Примерно через неделю я встретился с мисс Стайн, сказал ей, что познакомился с Уиндемом Льюисом, и спросил, знакома ли она с ним.
— Я прозвала его Гусеницей-землемеркой. Он приезжает из Лондона, видит хорошую картину, достает из кармана карандаш и начинает измерять ее большим пальцем на карандаше. Прицеливается в нее, меряет, выясняет, как именно она сделана. Потом возвращается в Лондон, пишет такую же, и у него не получается. Главного в ней не понял.
И я стал думать о нем как о Гусенице-землемерке. Это было более мягкое и христианское прозвище, чем то, которое я дал ему вначале. Позже я старался, чтобы он мне понравился, старался даже подружиться с ним, как почти со всеми приятелями Эзры после того, как он их мне объяснял. Но в первый день, увидев его в квартире Эзры, я воспринял его именно так.
12
Странноватое завершение
Отношения с Гертрудой Стайн закончились странным образом. Мы стали близкими друзьями, я помогал ей в некоторых практических делах — договорился с Фордом, чтобы он печатал фельетонами ее длинную книгу, помогал печатать на машинке ее рукописи, читал за нее гранки, и дружба наша делалась теснее, чем мне хотелось бы. Дружба с выдающейся женщиной мало обещает в будущем молодому человеку, хотя может быть приятной, пока чересчур не окрепнет, — и еще меньше обещает дружба с честолюбивой писательницей. Однажды, когда я стал оправдываться, почему некоторое время не появлялся на улице Флерюс, 27, объясняя тем, что не был уверен, застану ли дома мисс Стайн, она сказала:
— Хемингуэй, квартира в вашем распоряжении. Вы этого не знали? Я говорю серьезно. Приходите когда угодно, и служанка… — она назвала ее по имени, но я его забыл, — за вами поухаживает, ждите меня и чувствуйте себя как дома.
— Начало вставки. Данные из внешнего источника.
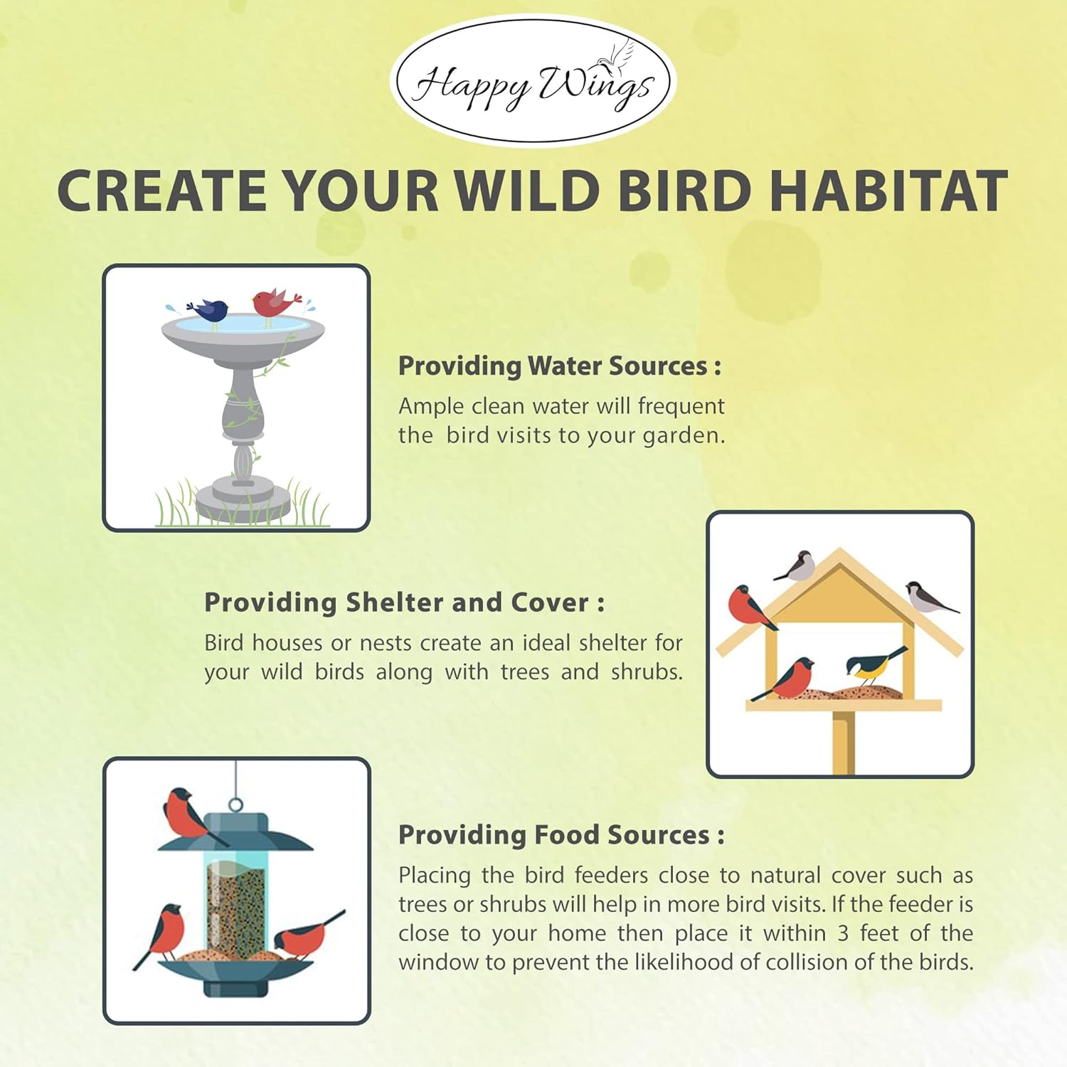 - Happy Wings Wild Bird food are no-grow bird seed which is designed to prevent sprouting, keeping outdoor spaces clean while providing essential nutrition for wild birds.

Я не злоупотреблял этим, но иногда заходил, служанка наливала мне, а я смотрел на картины, и если мисс Стайн не появлялась, благодарил служанку и, оставив записку, уходил. Мисс Стайн и ее подруга собирались поехать на юг в машине мисс Стайн, и она попросила меня зайти в этот день пораньше, чтобы попрощаться. И до, и после этой поездки она не раз приглашала навестить их — чтобы мы с Хэдли остановились в гостинице, — и мы обменивались множеством писем. Но у нас с Хэдли были другие планы и съездить нам хотелось в другие места. Об этом вы, конечно, ничего не говорите, отвечаете, что надеетесь навестить, а потом это оказывается невозможным. Но мы этому так и не научились. Надо выработать какой-никакой метод уклоняться от приглашений. Этому надо научиться. Много позже Пикассо сказал мне, что всегда обещает богачам прийти, когда его приглашают — потому что им это очень приятно, — а потом что-то такое происходит, что он не может прийти. К мисс Стайн это никак не относилось: он говорил о людях другого сорта.
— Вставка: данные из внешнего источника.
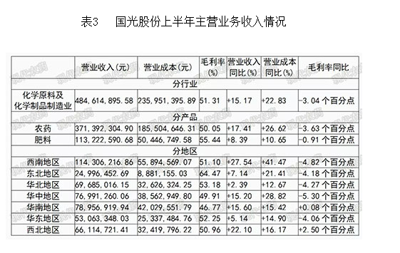 ? ? 近日,中化國際(控股)股份有限公司(股票代碼:600500;以下簡稱“中化國際”)、四川國光農化股份有限公司(股票代碼:002749;以下簡稱“國光股份”)和聯化科技股份有限公司(股票代碼:002250;以下簡稱“聯化科技”)分別發布了2018年半年度報告。其中,國光股份實現上半年營業收入和凈利潤雙增長;聯化科技上半年營收和凈利潤則雙雙同比下降。

Был прекрасный весенний день, я пошел от площади Обсерватории через Люксембургский сад. Цвели конские каштаны, на гравийных дорожках играли дети под присмотром нянь, сидевших на скамейках; я видел на деревьях вяхирей и слышал воркование тех, которых не видел.
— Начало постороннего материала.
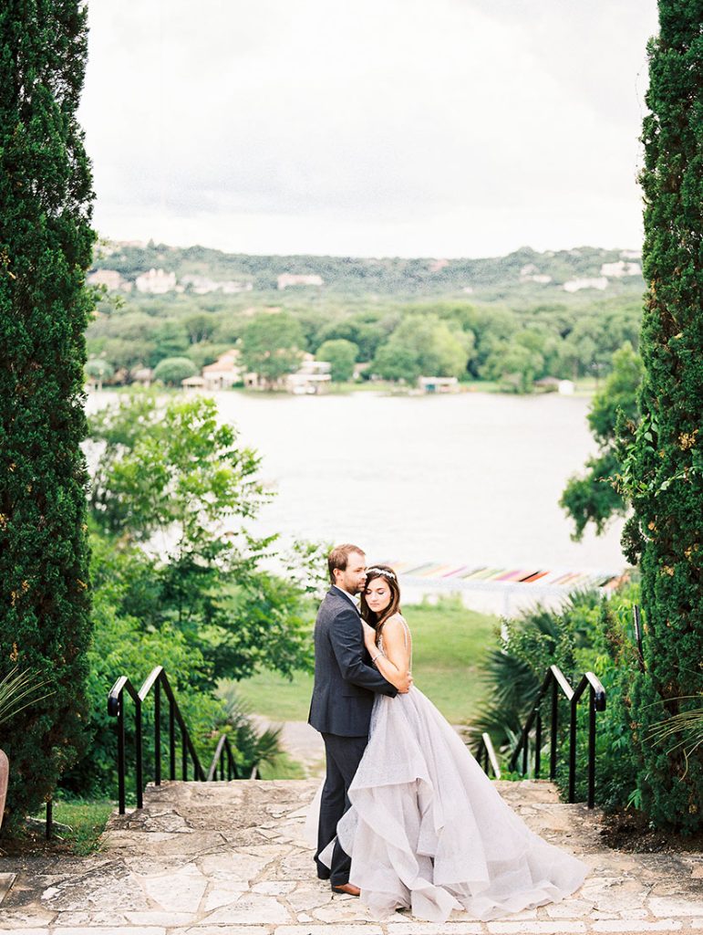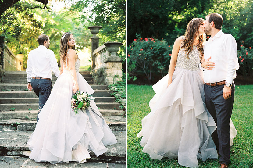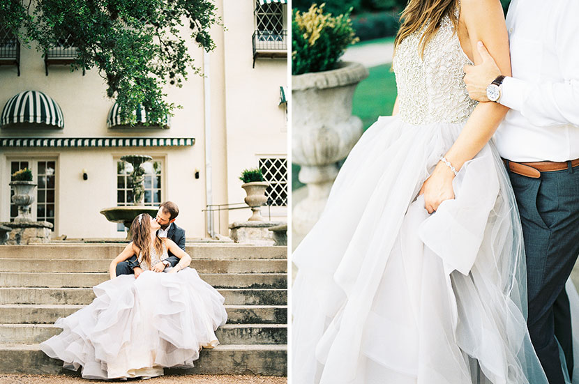 Talk about a dreamy engagement shoot! Texas couple Scarlet and Michael look oh-so-lovely in every single photo taken by the talented Jeff Brummett Visuals. Everything is perfection in this royally styled engagement shoot. From the beautiful headpiece to the immaculate Hayley Paige dress, this bride-to-be look is absolutely stunning – topped off with a picture perfect bouquet created. We are beyond excited for Scarlet and Michael’s big day coming up this month. Cheers!

Я даже не успел позвонить в дверь — служанка открыла сама, пригласила в дом и попросила подождать. Мисс Стайн сейчас спустится. Еще не было двенадцати; служанка налила в стаканчик eau-de-vie, протянула мне и весело подмигнула. Приятный вкус водки еще держался у меня во рту, когда я услышал, как кто-то разговаривает с мисс Стайн: я никогда не слышал, чтобы один человек так разговаривал с другим — никогда, нигде, ни до, ни после.
Потом послышался голос мисс Стайн, жалобный, умоляющий: «Не надо, киса. Не надо. Пожалуйста, не надо. Я все сделаю, киса, только, пожалуйста, не делай этого. Пожалуйста, не надо. Пожалуйста, киса, не надо».
Я проглотил водку, поставил стаканчик и пошел к двери. Служанка помахала указательным пальцем и шепнула:
— Не уходите. Сейчас спустится.
— Мне надо идти, — сказал я, стараясь не слышать, пока шел к двери, но там продолжалось и не слышать можно было, только выйдя вон. То, что слышалось, было скверно, а ответы — еще хуже.